BUG: fix possible overlap issues with avx enabled #12398

juliantaylor · 2018-11-15T18:29:19Z

Fix the overlap check for vectors larger than 16 bytes. Only an issue
when avx is enabled at compile time.

The actual fix is in the first few hunks, whether we want to use the macro in the rest of the code is debatable as it introduces a dependency between the macros being used and the code, unlikely be a practical issue though.

Fix the overlap check for vectors larger than 16 bytes. Only an issue when avx is enabled at compile time.

charris · 2018-11-15T19:04:52Z

Looks straight forward to me.

mattip · 2018-11-15T20:18:11Z

LGTM.
Would be nice at some point to enable codepath choice at runtime via cpu id and some high level control, then we could benchmark when it is advantageous to use the different intrinsics, depending on array size or cpu load.

charris · 2018-11-15T20:22:42Z

Let's get this in then. Thanks Julian.

VictorRodriguez · 2018-11-15T20:37:41Z

+1 please merge , i will test it on my distro

regards

juliantaylor · 2018-11-15T22:40:14Z

@mattip thats what #11113 does

VictorRodriguez · 2018-11-15T22:46:35Z

@juliantaylor what commit from #11113 does that? i am a bit lost about that point

mattip · 2018-11-15T22:48:44Z

It seems #11113 is for compile time.
I was suggesting to compile all the loops and choose at runtime which to use based on CPU and some tunable heuristics (including "don't use any of these").

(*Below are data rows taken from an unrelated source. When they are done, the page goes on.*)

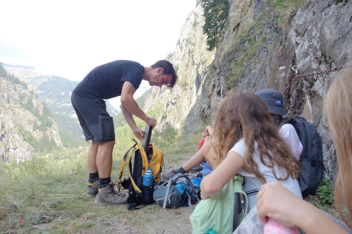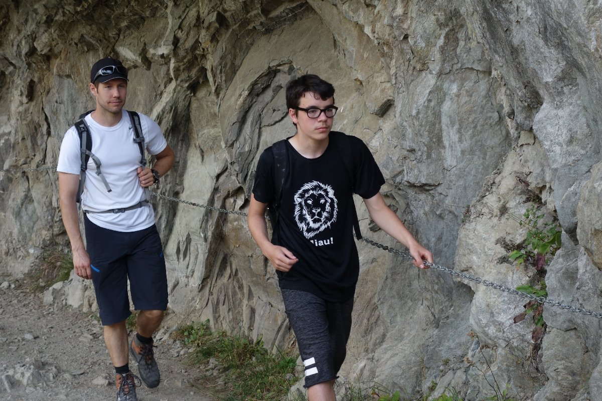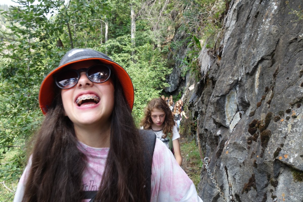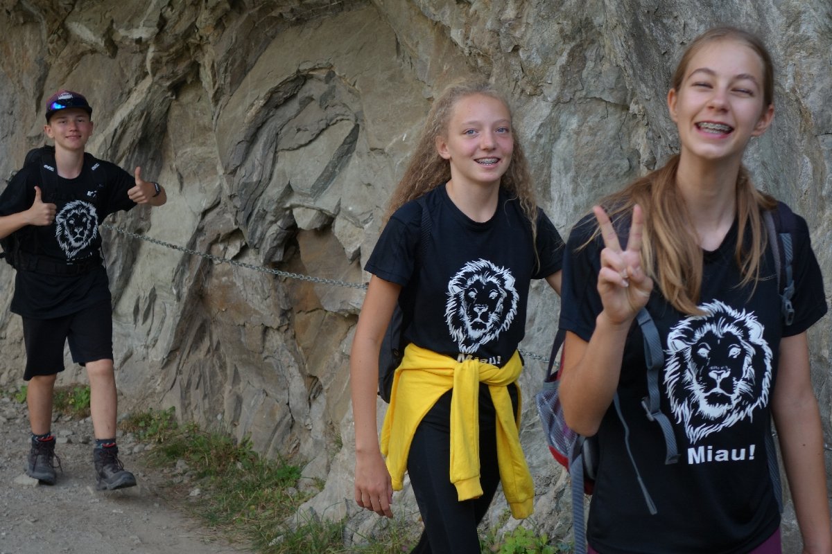 Heute war ein Tag voller Liebe, Wasser, Geschichten und Motivation. Es wurden Firmen gegründet und grosse Lieben entdeckt. Spass beiseite! :-) Morgens um 08.30 Uhr starteten wir voller Motivation bei der Villa. Nach dem steilen Abstieg sahen wir die ersten Murmeltiere. Später liefen wir entlang des Massawegs und gingen auch hinunter in die Schlucht. Unten angekommen verpflegten wir uns und zur Abkühlung sprangen manche in die eiskalte Massa. Danach liefen wir nach Ried-Mörel und fuhren mir der Gondel hoch. Die Motivation schwand jedoch zusehends, da wir noch bis zur Villa Cassel laufen mussten. Somit ging ein sehr lehrreicher und spannender Tag zu Ende. Nun freuen wir uns auf das Abendessen und die Disco, welche das Motto "Elegant" trägt!
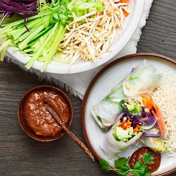 Rispappersrullar med cashewdipp
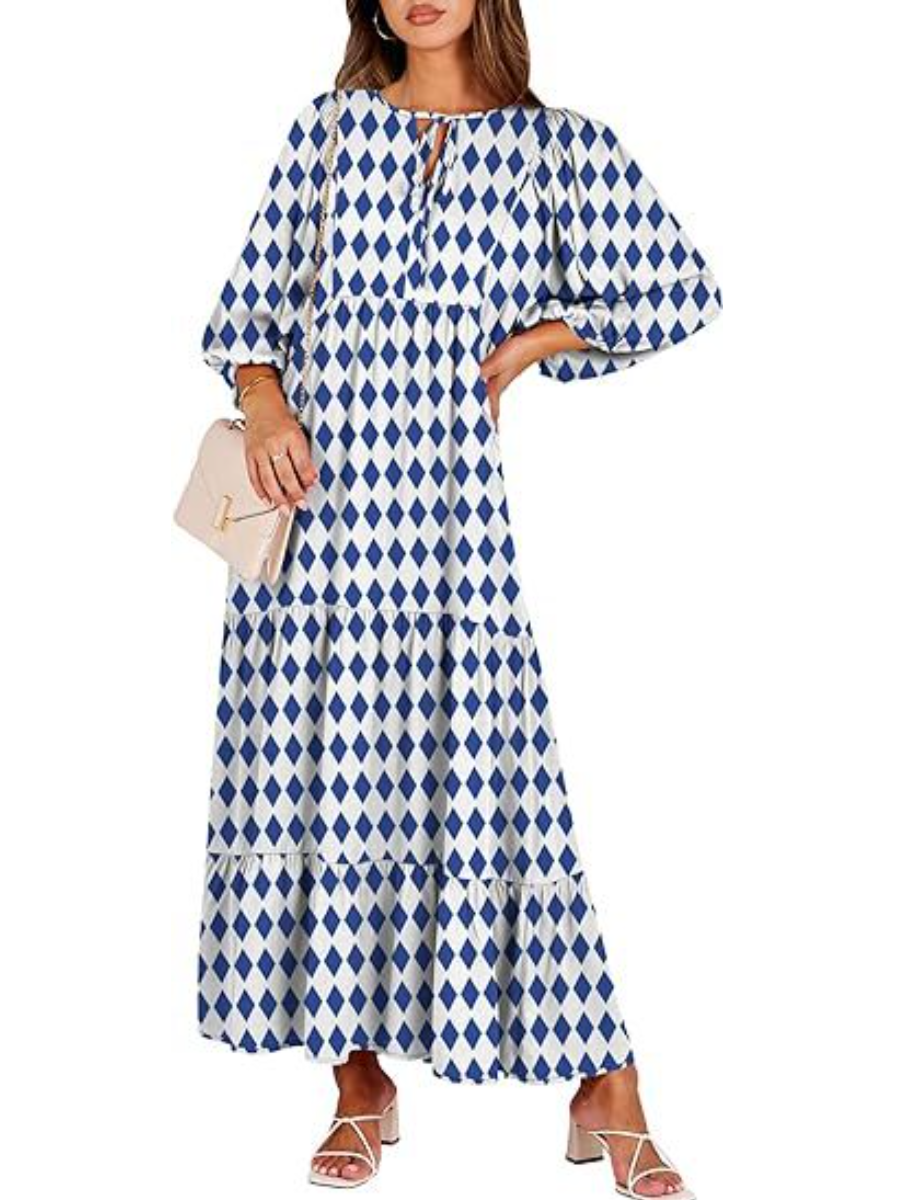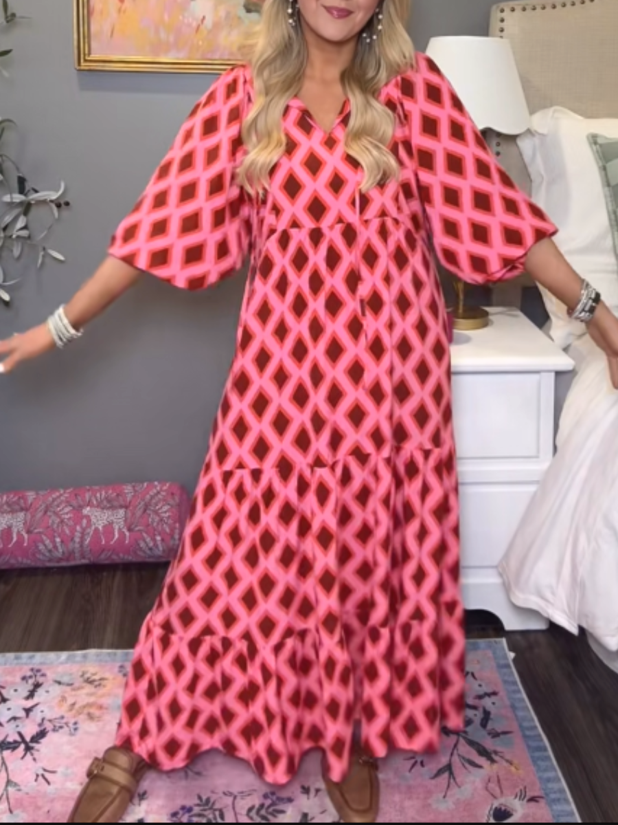 V-Neck Bubble Sleeve Casual Print A- Line Long Beach Dress
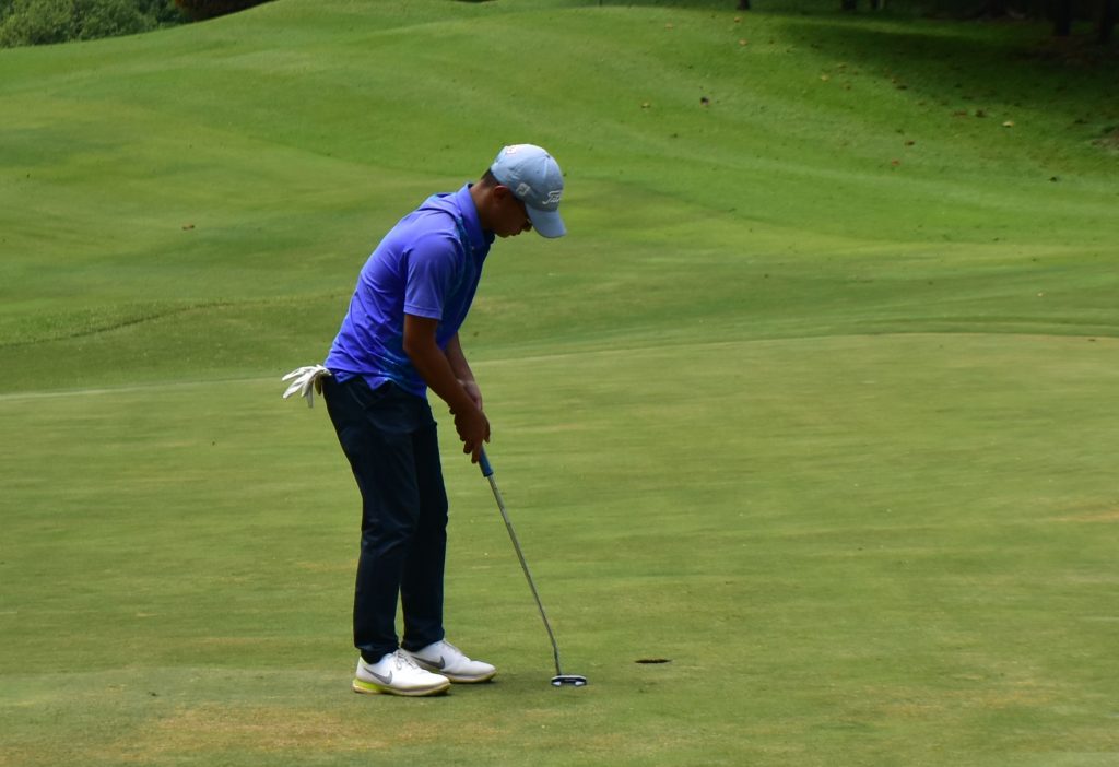 Pegolf junior Hayden Alden Suhasim yang bermain di Divisi A Putra bermain cemerlang tanpa bogey pada hari pertama Indonesian Junior Golf Premier League #1 di Riverside Golf Club, Bogor, Jumat (21/1). Amatir asal Jakarta ini mencetak 3-under 69, unggul dua pukulan atas Randy dari PGI Bekasi.

VictorRodriguez · 2018-11-15T22:55:14Z

@mattip you mean like :

if (__builtin_cpu_supports("avx512dq")
if (__builtin_cpu_supports("avx2")

like that?

mattip · 2018-11-15T23:06:51Z

yes, but more like

if (__builtin_cpu_supports("avx512dq") and choose_avx512(args)):
    # choose avx512 inner loop functions
elif (__builtin_cpu_supports("avx2") and choose_avx2(args)):
    # choose avx2 inner loop functions
    ...

in the loop selector function for the appropriate ufuncs

juliantaylor · 2018-11-16T17:59:51Z

no that PR is runtime not compile time the dispatching happens at ufunc initialization time same as it is already done for integers.

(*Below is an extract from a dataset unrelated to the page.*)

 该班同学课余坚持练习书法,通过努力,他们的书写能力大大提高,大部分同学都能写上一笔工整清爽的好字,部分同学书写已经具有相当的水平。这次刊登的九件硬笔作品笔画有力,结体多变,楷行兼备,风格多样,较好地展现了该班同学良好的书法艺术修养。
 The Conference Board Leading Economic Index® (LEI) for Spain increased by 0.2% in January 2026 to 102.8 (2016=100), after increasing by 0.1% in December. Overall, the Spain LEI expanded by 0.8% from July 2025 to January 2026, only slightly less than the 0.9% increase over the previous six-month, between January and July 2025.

charris · 2018-12-07T23:11:07Z

@juliantaylor This breaks testing on my machine. The error is during test collection and is completely uninformative, but here it is

NumPy version 1.16.0.dev0+3952f5c
NumPy relaxed strides checking option: True

=============================================================== ERRORS ================================================================
___________________ ERROR collecting build/testenv/lib64/python2.7/site-packages/numpy/linalg/tests/test_linalg.py ____________________
numpy/linalg/tests/test_linalg.py:329: in <module>
    CASES += _make_strided_cases()
numpy/linalg/tests/test_linalg.py:321: in _make_strided_cases
    for a, a_label in _stride_comb_iter(case.a):
numpy/linalg/tests/test_linalg.py:296: in _stride_comb_iter
    assert_(np.all(xi == x))
E   AssertionError
______________ ERROR collecting build/testenv/lib64/python2.7/site-packages/numpy/matrixlib/tests/test_matrix_linalg.py _______________
numpy/matrixlib/tests/test_matrix_linalg.py:8: in <module>
    from numpy.linalg.tests.test_linalg import (
/home/charris/.local/lib/python2.7/site-packages/_pytest/assertion/rewrite.py:295: in load_module
    six.exec_(co, mod.__dict__)
/home/charris/.local/lib/python2.7/site-packages/six.py:709: in exec_
    exec("""exec _code_ in _globs_, _locs_""")
<string>:1: in <module>
    ???
numpy/linalg/tests/test_linalg.py:329: in <module>
    CASES += _make_strided_cases()
numpy/linalg/tests/test_linalg.py:321: in _make_strided_cases
    for a, a_label in _stride_comb_iter(case.a):
numpy/linalg/tests/test_linalg.py:296: in _stride_comb_iter
    assert_(np.all(xi == x))
E   AssertionError
!!!!!!!!!!!!!!!!!!!!!!!!!!!!!!!!!!!!!!!!!!!!!!! Interrupted: 2 errors during collection !!!!!!!!!!!!!!!!!!!!!!!!!!!!!!!!!!!!!!!!!!!!!!!
126 deselected, 2 error in 8.86 seconds

Reverting this commit fixes the problem. I have no idea as to why this would compile but cause failures.
This is with gcc version 8.2.1 20181105 (Red Hat 8.2.1-5) (GCC). lscpu shows

Architecture:        x86_64
...
Model name:          Intel(R) Core(TM) i5-4670K CPU @ 3.40GHz
Stepping:            3
...
Flags:               fpu vme de pse tsc msr pae mce cx8 apic sep mtrr pge mca cmov pat pse36 clflush dts acpi mmx fxsr sse sse2 ss ht tm pbe syscall nx pdpe1gb rdtscp lm constant_tsc arch_perfmon pebs bts rep_good nopl xtopology nonstop_tsc cpuid aperfmperf pni pclmulqdq dtes64 monitor ds_cpl vmx est tm2 ssse3 sdbg fma cx16 xtpr pdcm pcid sse4_1 sse4_2 movbe popcnt tsc_deadline_timer aes xsave avx f16c rdrand lahf_lm abm cpuid_fault epb invpcid_single pti ssbd ibrs ibpb stibp tpr_shadow vnmi flexpriority ept vpid ept_ad fsgsbase tsc_adjust bmi1 avx2 smep bmi2 erms invpcid xsaveopt dtherm ida arat pln pts flush_l1d

I'm sorry I didn't see this earlier. No one else seems to be having problems, so I assume it is something specific to my machine/environment. Note that if I knock out the failing assert the tests run, but there are a lot of errors. How can I debug this?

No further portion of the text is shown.